Please give back the listing exactly, without any of its pictures.

Supplied data:
◇ ◇ ◇

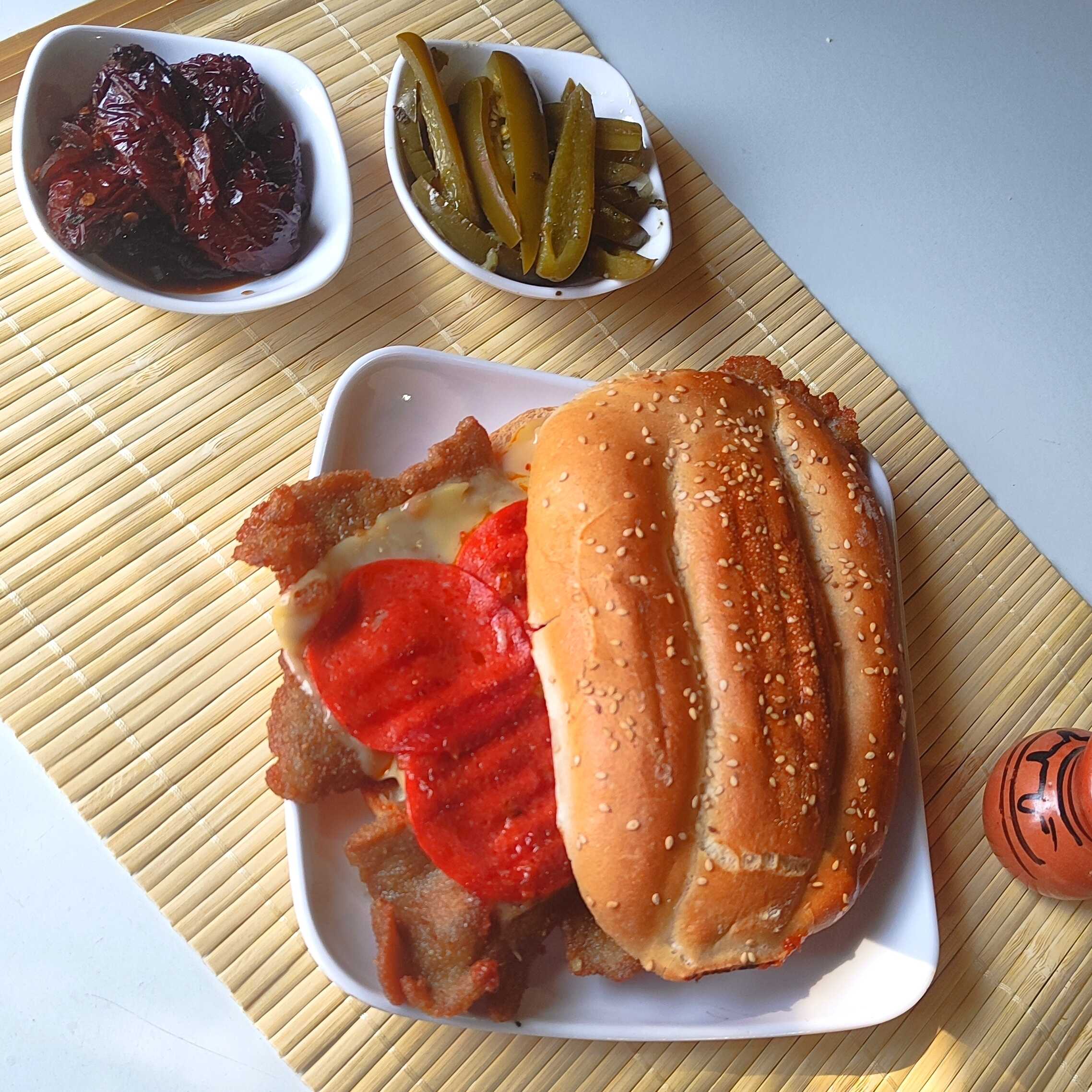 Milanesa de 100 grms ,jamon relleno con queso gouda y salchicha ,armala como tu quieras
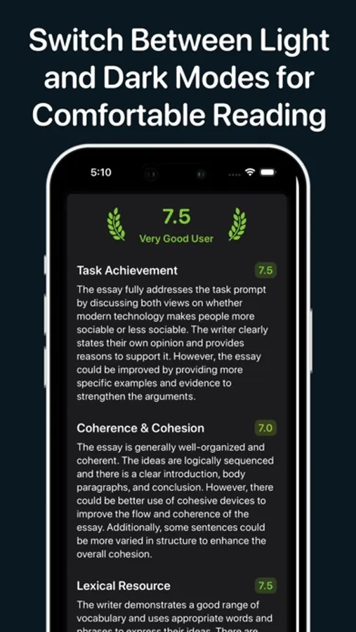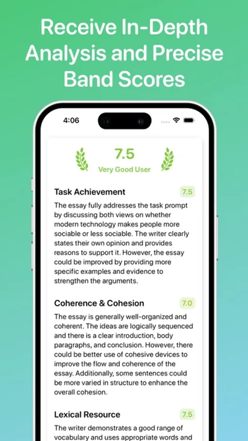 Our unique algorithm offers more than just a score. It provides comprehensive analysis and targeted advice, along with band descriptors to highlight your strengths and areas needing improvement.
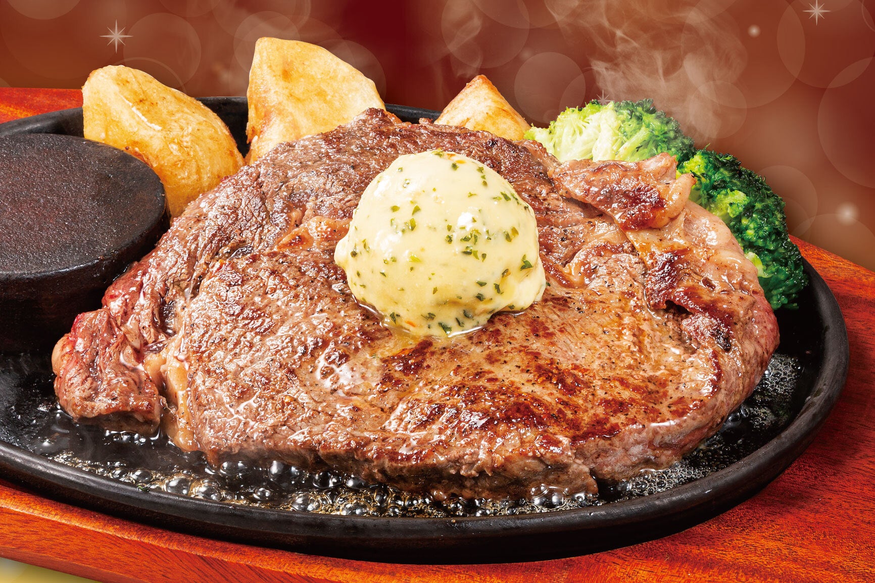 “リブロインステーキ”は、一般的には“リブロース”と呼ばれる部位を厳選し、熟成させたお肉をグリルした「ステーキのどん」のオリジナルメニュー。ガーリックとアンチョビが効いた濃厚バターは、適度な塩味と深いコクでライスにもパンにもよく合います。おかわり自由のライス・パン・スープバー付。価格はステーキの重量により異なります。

◇ ◇ ◇

Problem solution:
 Milanesa de 100 grms ,jamon relleno con queso gouda y salchicha ,armala como tu quieras
 Our unique algorithm offers more than just a score. It provides comprehensive analysis and targeted advice, along with band descriptors to highlight your strengths and areas needing improvement.
 “リブロインステーキ”は、一般的には“リブロース”と呼ばれる部位を厳選し、熟成させたお肉をグリルした「ステーキのどん」のオリジナルメニュー。ガーリックとアンチョビが効いた濃厚バターは、適度な塩味と深いコクでライスにもパンにもよく合います。おかわり自由のライス・パン・スープバー付。価格はステーキの重量により異なります。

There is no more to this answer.